Fresh fighting breaks out in Sudan North-South border region
March 21, 2008 (KHARTOUM) — There has been new reports of fighting between former southern Sudanese rebels and armed tribesman in the oil rich border region.
The Al-Sahafa daily said that the deadly clashes broke out between the Sudan people Liberation Army (SPLA) and the cattle-herding Misseriya tribes around 20 kilometers east of the Heglig oil field.
The newspaper said that the fighting claimed 3 members of the Misseriya tribe but said that there were no reports of casualties from the SPLA.
Tensions have worsened in the border region over the failure of the ruling National Congress Party (NCP) in the north and the SPLM to reach a deal on the demarcation of the borders of Abyei, the source of much of Sudan’s energy reserves.

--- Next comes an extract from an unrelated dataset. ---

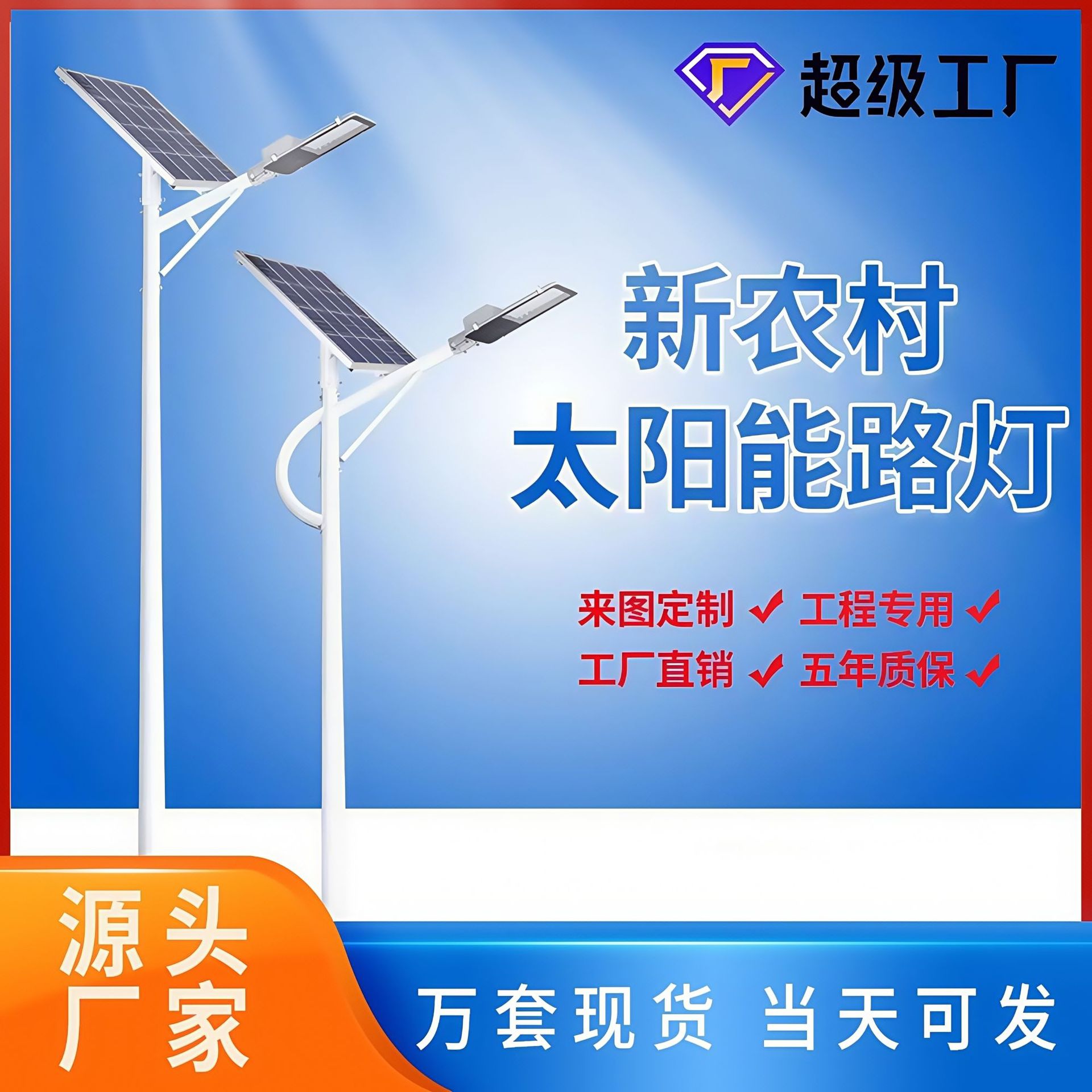 ソーラー街路灯 6mLED 照明ガーデンライト 新しい田舎の都市開発 シンプルなブラケット 屋外メーカー Jindou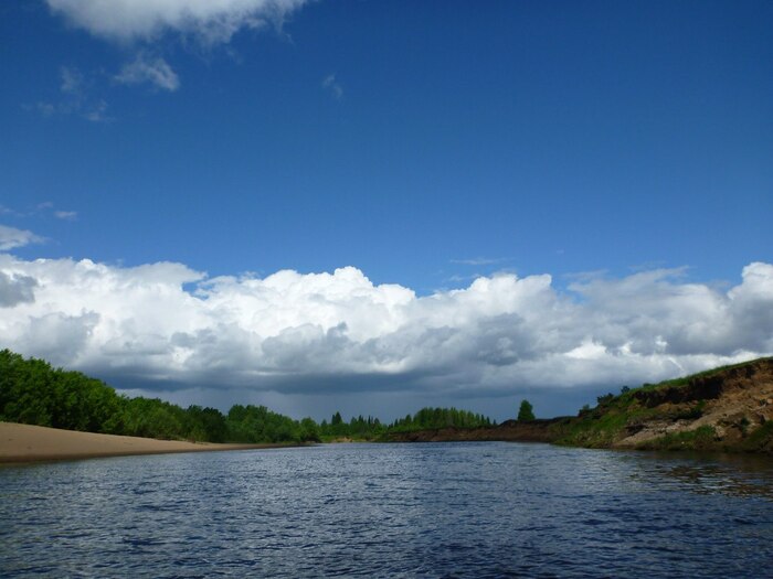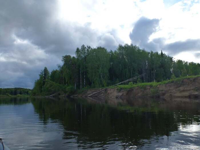 Кочевский район относится уже к местностям, приравненным к Северу, с которого подул ветер, стало холодно, так что я сперва одел куртку, а затем, под нее, спасжилет, так было более-менее тепло. Тучи ходили кругами, или это река петляла. Раза три шел дождь, от которого я спасался под пончо, накрываясь вместе с рюкзаком.

A leadership figure in the Misseriya tribe Sabir Ahmed Mohamed said that the SPLA sent reinforcements to the Heglig oil field area. He also said that the recent clashes claimed dozens on both sides.
The SPLM signed a peace deal in January 2005 with the government of the National Congress Party in January 2005 ending two decades of civil war in Southern Sudan. The peace deal made the SPLM, the ruling party in the south and the NCP the ruling party in the north.
Both sides also signed the Abyei protocol to allow for the resolution of the dispute over the area at a later date.
Under the protocol a commission known as the Abyei Boundaries Commission (ABC) was to “define and demarcate the area of the nine Ngok Dinka Chiefdoms transferred to Kordofan in 1905, referred to herein as Abyei Area”.
However the president Omar Hassan Al-Bashir said that the NCP is committed to the Abyei Protocol only with the border of 1905. He further said the government is not concerned with the ABC report and that the latter is of no value to them.
Al-Sahafa also reported that the transitional council of the SPLM meeting in Juba affirmed it will not accept any alternative to the Abyei protocol and refused any compromises.
The Abyei region has been described as Sudan’s Kashmir by the ENOUGH project saying that it may develop into a “national war with regional implications and historically devastating repercussions”.
Last month Sudan’s First Vice President and president of South Sudan Salva Kiir told the semi-governmental Al-Ahram daily in Egypt that “the ABC report should be binding to all parties but the NCP rejected it and is looking for an alternative. This is not acceptable to us and we will stick the report”.